=== Excerpted records ===
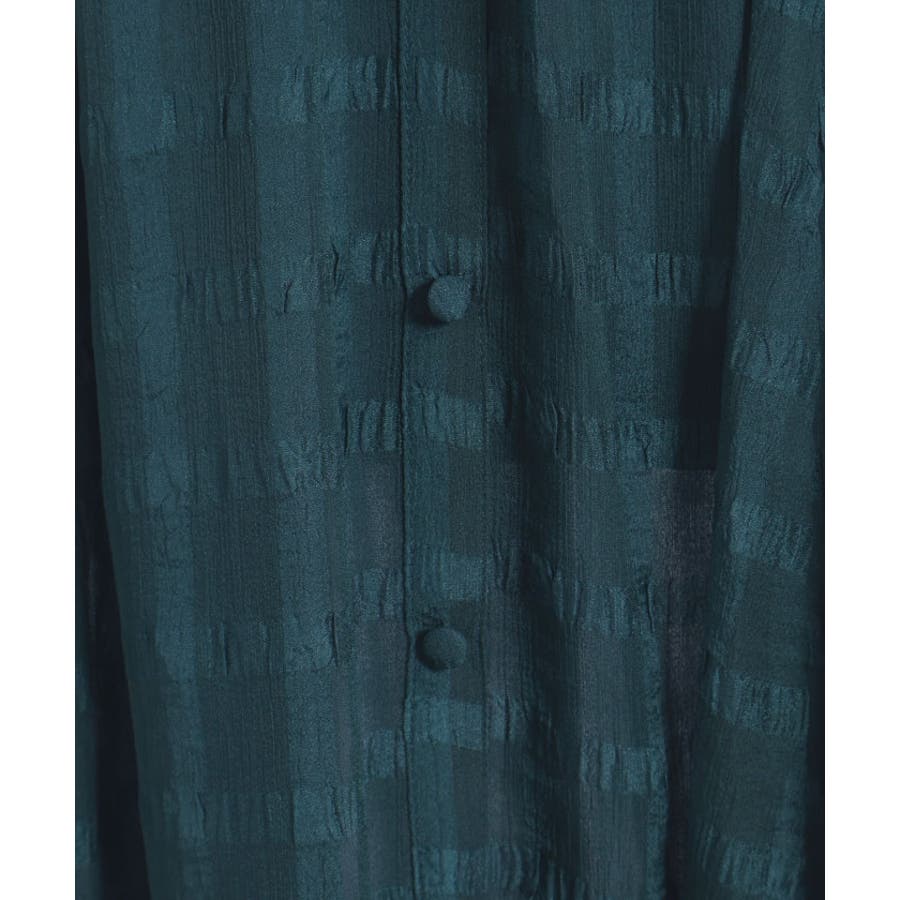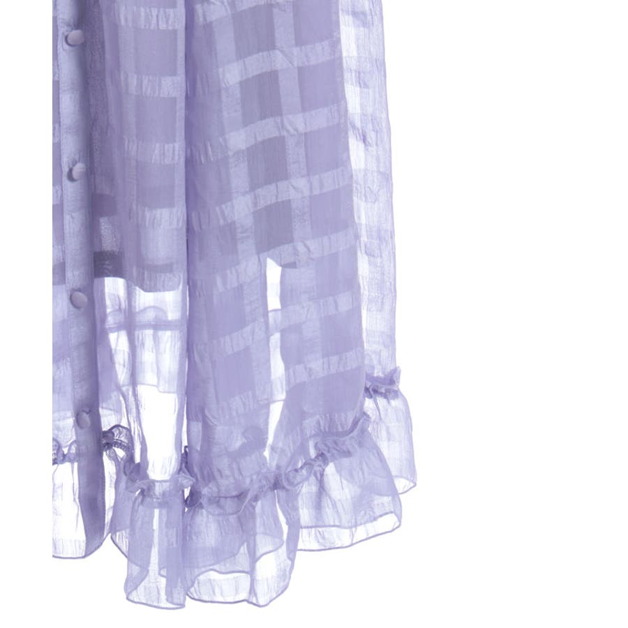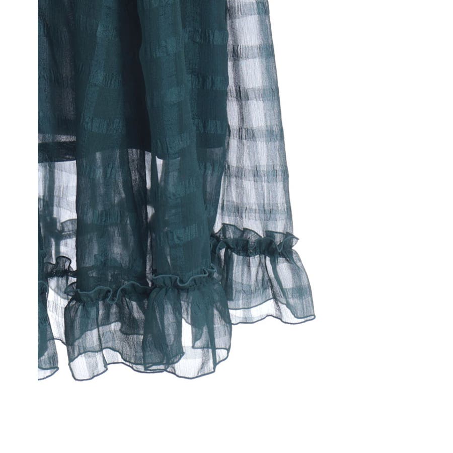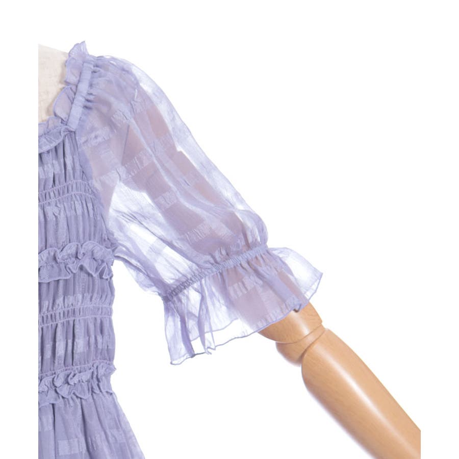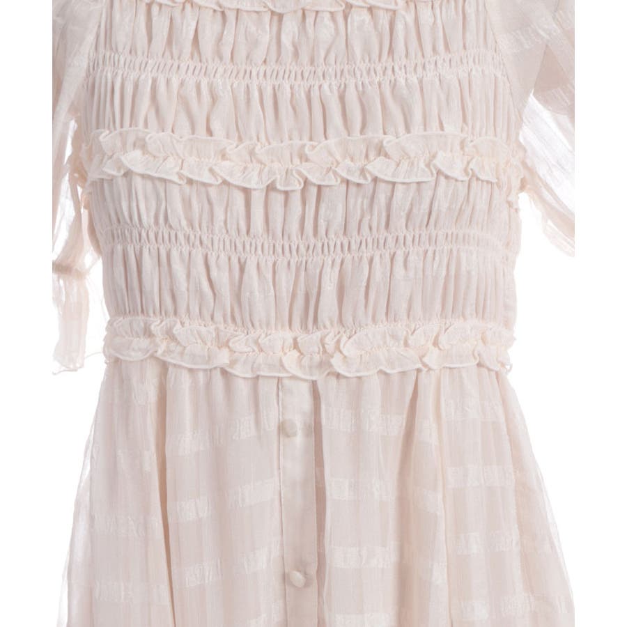 胸元のシャーリングデザインや裾のフリルなどフェミニンポイントをプラス。
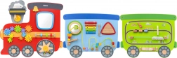 Fiecare vagon oferă un alt tip de activitate: locomotiva roșie cu angrenaje, rotiță tip moară și oglindă, vagonul albastru cu xilofon și labirint cu mărgele și vagonul verde cu pistă glisantă pentru trenuleț și cuburi rotative cu motive ale locurilor din lume. Datorită diversității elementelor, copiii nu se plictisesc și își dezvoltă natural abilitățile în spirit Montessori.
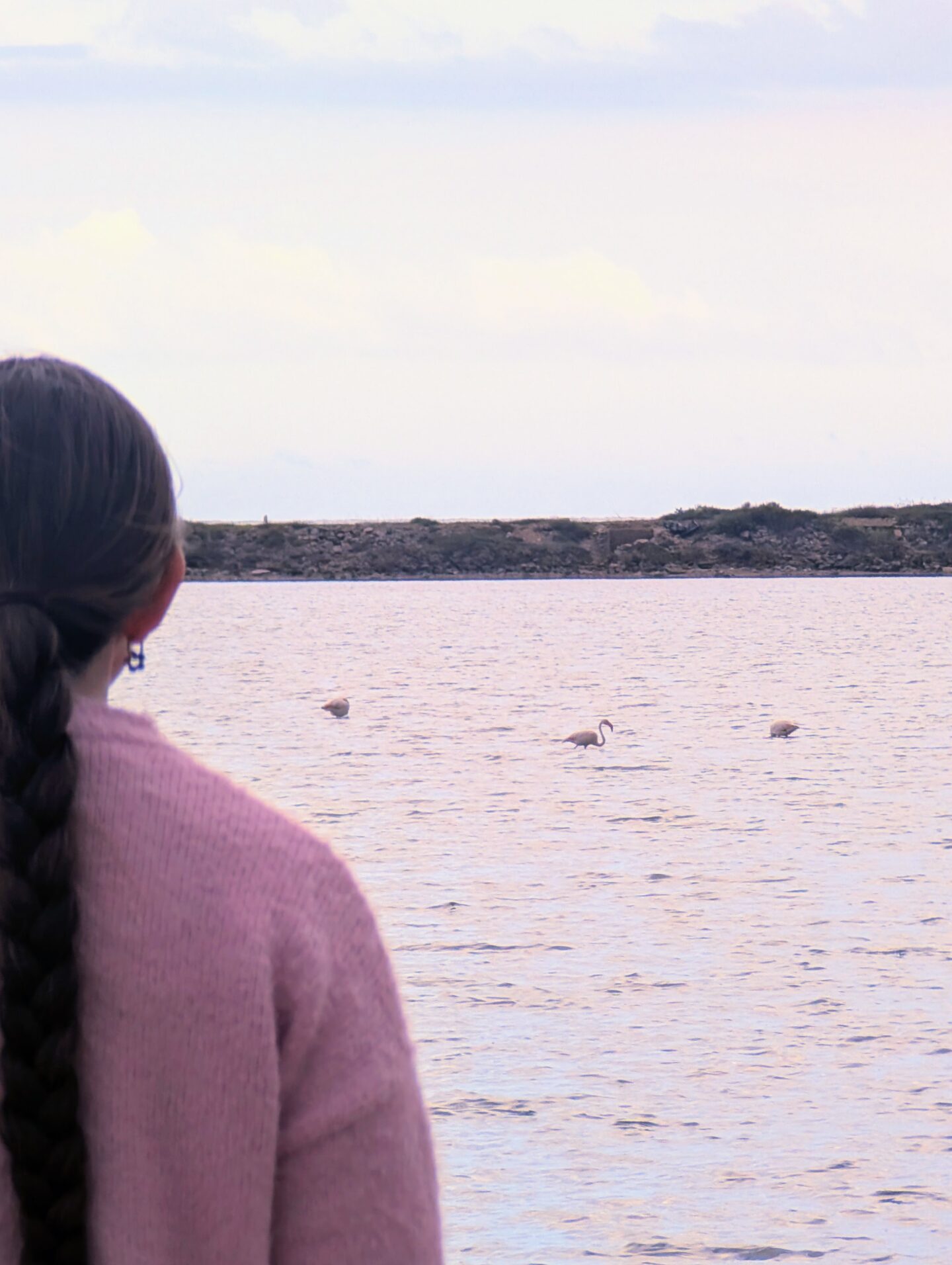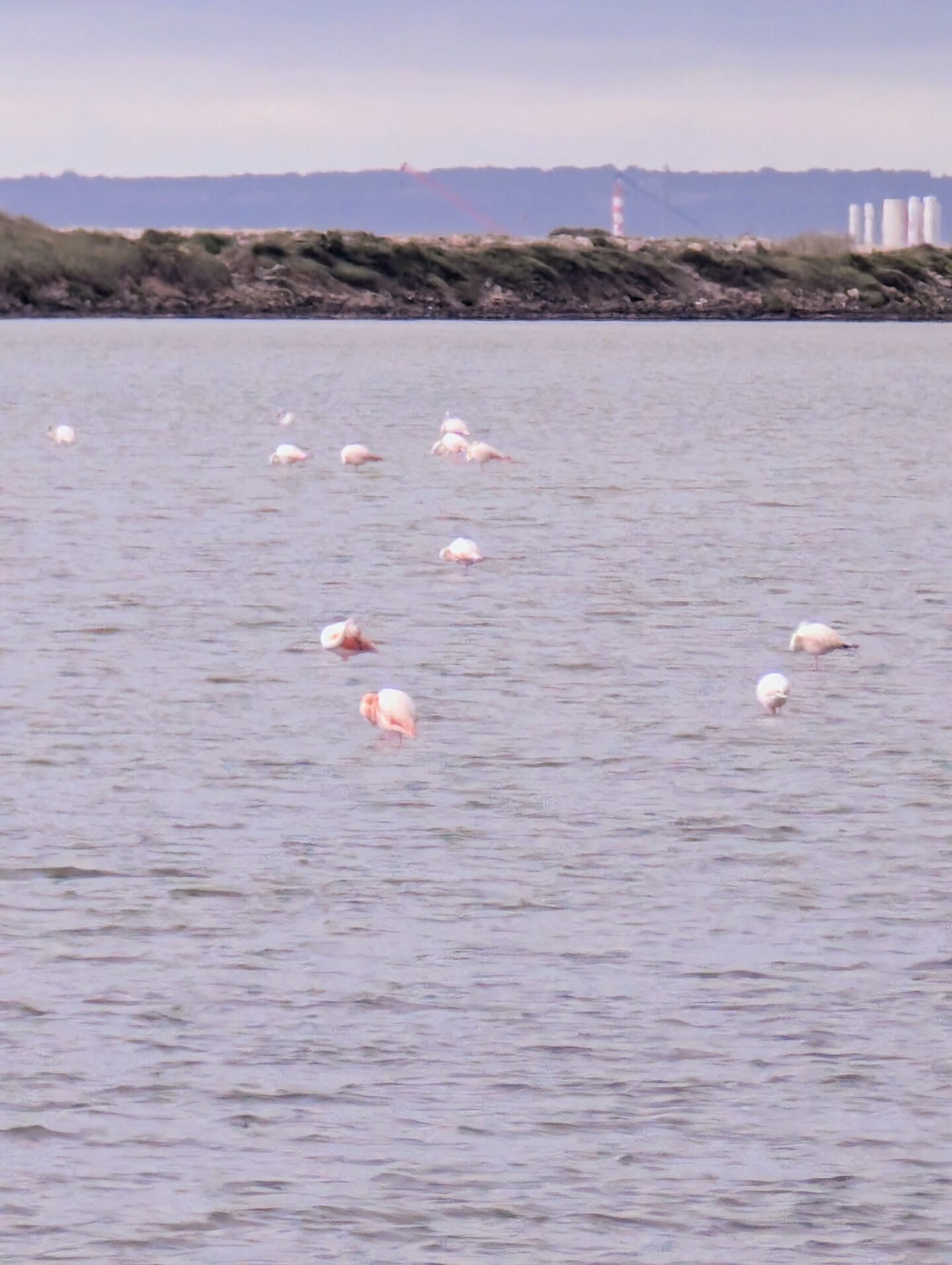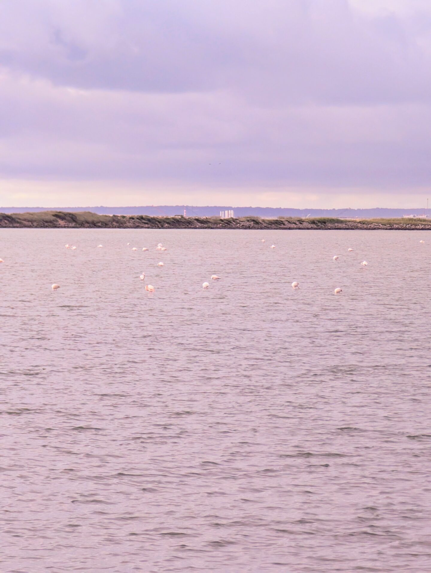 As we approached Salin de Gruissan, the scenery began to shift dramatically. Dusty roads gave way to wide, open marshland that shimmered in the afternoon sun. And then – suddenly – pink. The salt flats stretched out before us in broad, shallow pools, their colours ranging from soft rose to a vivid coral, depending on the light and the angle. It was like stepping into a pastel dream.
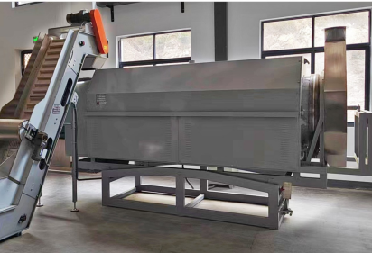 作業(yè)原理:茶葉經(jīng)過提升機進入連續(xù)滾筒式提香機,通過滾筒中的遠紅外陶瓷加熱板及導葉筋進行受熱連續(xù)提香。
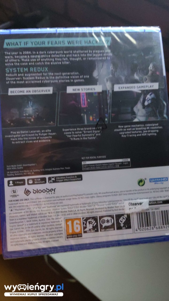 Odświeżona wersja wydanego w 2017 roku horroru psychologicznego FPP w cyberpunkowych realiach. Observer: System Redux oferuje nie tylko poprawioną oprawę graficzną, ale również dodatkową zawartość fabularną. Za grę odpowiada polskie studio Bloober Team. Historia przedstawiona w Observer: System Redux ma miejsce w Krakowie w 2084 roku. Chociaż produkcja została wzbogacona o dodatkowe wątki, to trzon opowieści nie został zmieniony. Gracz wciela się w Daniela Lazarskiego, czyli tzw. Obserwatora – policjanta zdolnego hakować umysły podejrzanych. Właściwa akcja rozpoczyna się w momencie, gdy otrzymuje on list od zaginionego syna, inżyniera zatrudnionego w Chiron Corporation – firmie finansującej jednostkę, dla której pracuje główny bohater. Zawartość wydania Edycji Day One: Płyta z grą, 52-stronicowy artbook w miękkiej oprawie oraz płyta CD ze ścieżką dźwiękową.
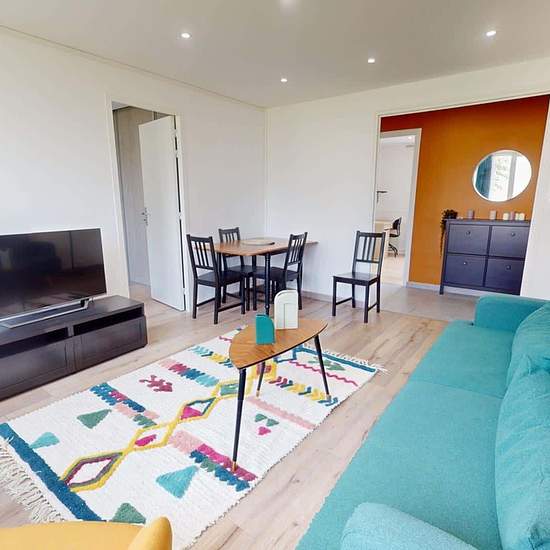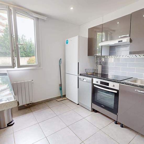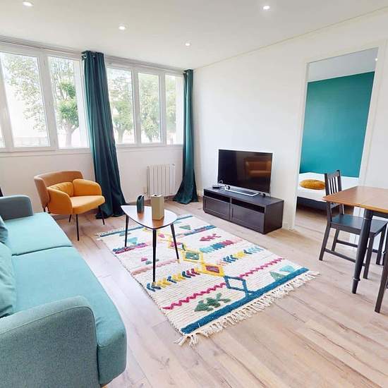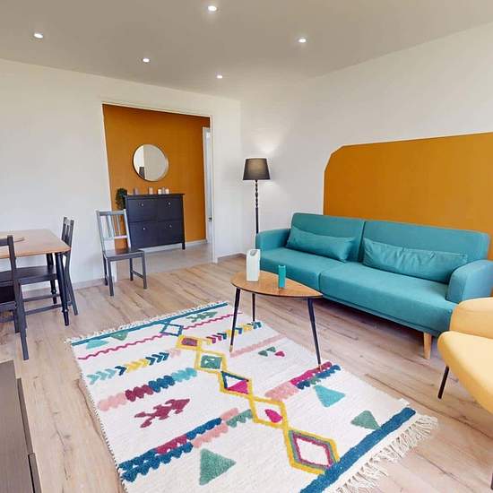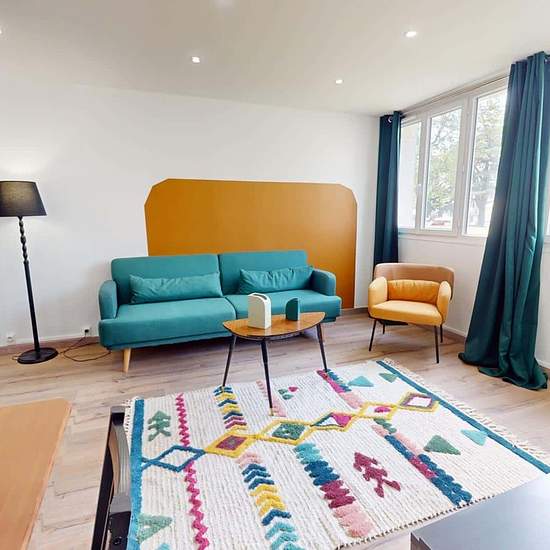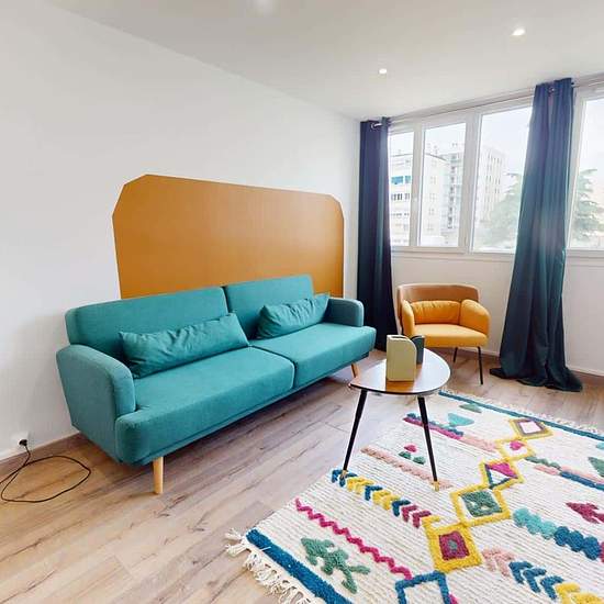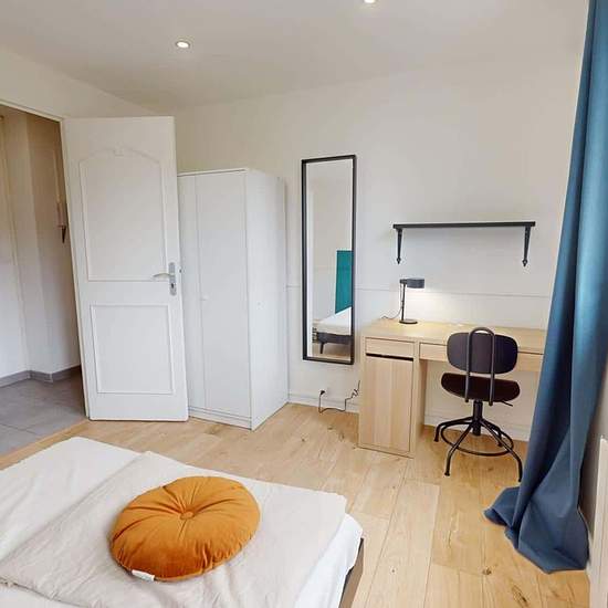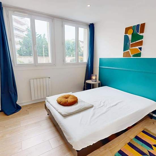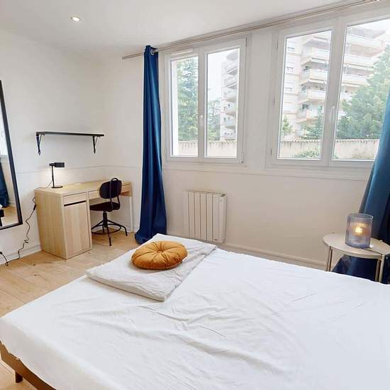 OQORO vous présente cette colocation de 3 chambres de 63 m² située au 43 Rue Docteur Albéric Pont à louer au 43 Rue Docteur Albéric Pont (Lyon). LA CHAMBRE La chambre est louée avec une armoire, un bureau avec sa chaise, un miroir et un lit double. Cette chambre est lumineuse grâce à deux grandes fenêtres. LES ESPACES COMMUNS Cet appartement de quatre pièces dispose des espaces suivants : Un salon chaleureux qui dispose d'un canapé, d'une lampe, d'une table basse, d'un meuble Tv avec sa télévision, d'une table à manger avec ses quatre chaise...
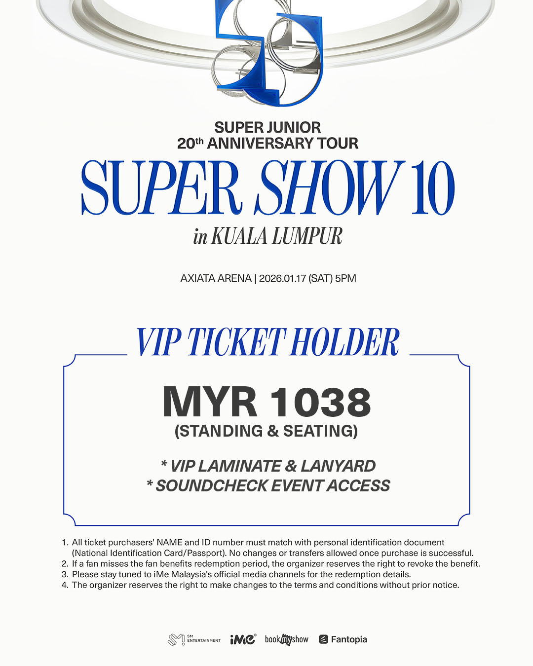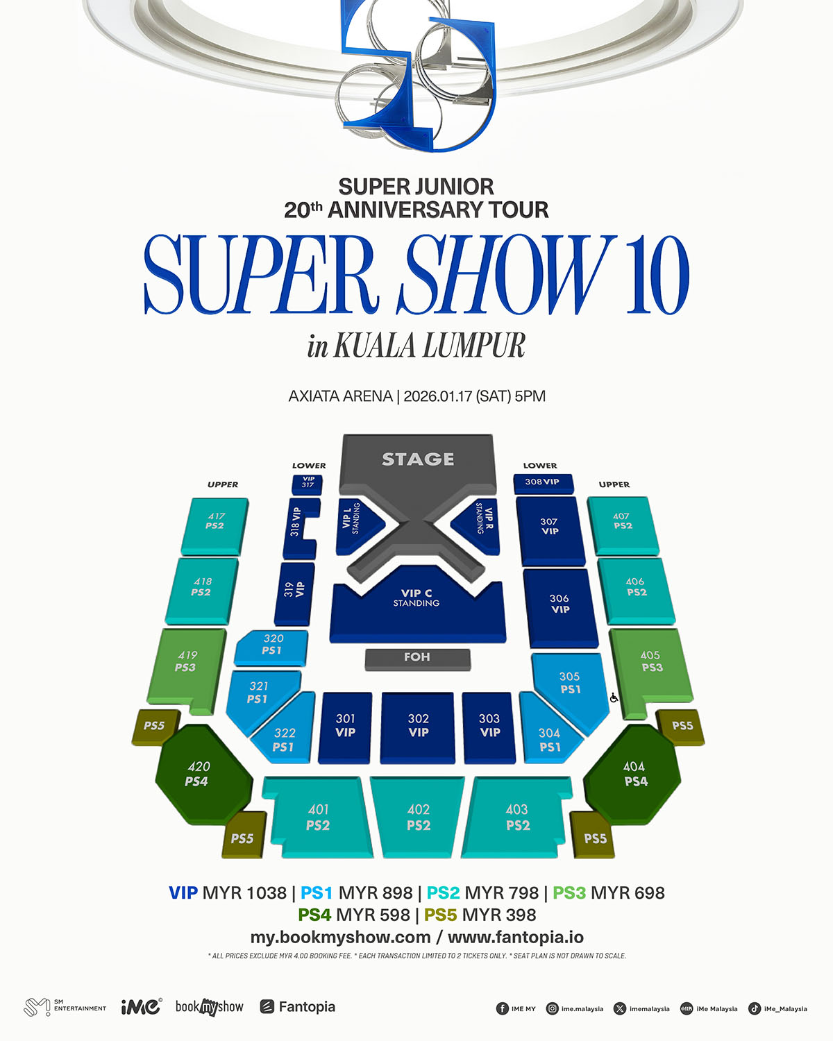 由 iMe Malaysia 主办的《SUPER JUNIOR 20th Anniversary TOUR in KUALA LUMPUR》将于 2026 年 1 月 17 日(星期六)下午 5 点 在 Axiata Arena 盛大举行!
===
[Exercise aim] The records shown above are to be repeated exactly, with the pictures left out.

[Solution]
 胸元のシャーリングデザインや裾のフリルなどフェミニンポイントをプラス。
 Fiecare vagon oferă un alt tip de activitate: locomotiva roșie cu angrenaje, rotiță tip moară și oglindă, vagonul albastru cu xilofon și labirint cu mărgele și vagonul verde cu pistă glisantă pentru trenuleț și cuburi rotative cu motive ale locurilor din lume. Datorită diversității elementelor, copiii nu se plictisesc și își dezvoltă natural abilitățile în spirit Montessori.
 As we approached Salin de Gruissan, the scenery began to shift dramatically. Dusty roads gave way to wide, open marshland that shimmered in the afternoon sun. And then – suddenly – pink. The salt flats stretched out before us in broad, shallow pools, their colours ranging from soft rose to a vivid coral, depending on the light and the angle. It was like stepping into a pastel dream.
 作業(yè)原理:茶葉經(jīng)過提升機進入連續(xù)滾筒式提香機,通過滾筒中的遠紅外陶瓷加熱板及導葉筋進行受熱連續(xù)提香。
 Odświeżona wersja wydanego w 2017 roku horroru psychologicznego FPP w cyberpunkowych realiach. Observer: System Redux oferuje nie tylko poprawioną oprawę graficzną, ale również dodatkową zawartość fabularną. Za grę odpowiada polskie studio Bloober Team. Historia przedstawiona w Observer: System Redux ma miejsce w Krakowie w 2084 roku. Chociaż produkcja została wzbogacona o dodatkowe wątki, to trzon opowieści nie został zmieniony. Gracz wciela się w Daniela Lazarskiego, czyli tzw. Obserwatora – policjanta zdolnego hakować umysły podejrzanych. Właściwa akcja rozpoczyna się w momencie, gdy otrzymuje on list od zaginionego syna, inżyniera zatrudnionego w Chiron Corporation – firmie finansującej jednostkę, dla której pracuje główny bohater. Zawartość wydania Edycji Day One: Płyta z grą, 52-stronicowy artbook w miękkiej oprawie oraz płyta CD ze ścieżką dźwiękową.
 OQORO vous présente cette colocation de 3 chambres de 63 m² située au 43 Rue Docteur Albéric Pont à louer au 43 Rue Docteur Albéric Pont (Lyon). LA CHAMBRE La chambre est louée avec une armoire, un bureau avec sa chaise, un miroir et un lit double. Cette chambre est lumineuse grâce à deux grandes fenêtres. LES ESPACES COMMUNS Cet appartement de quatre pièces dispose des espaces suivants : Un salon chaleureux qui dispose d'un canapé, d'une lampe, d'une table basse, d'un meuble Tv avec sa télévision, d'une table à manger avec ses quatre chaise...
 由 iMe Malaysia 主办的《SUPER JUNIOR 20th Anniversary TOUR in KUALA LUMPUR》将于 2026 年 1 月 17 日(星期六)下午 5 点 在 Axiata Arena 盛大举行!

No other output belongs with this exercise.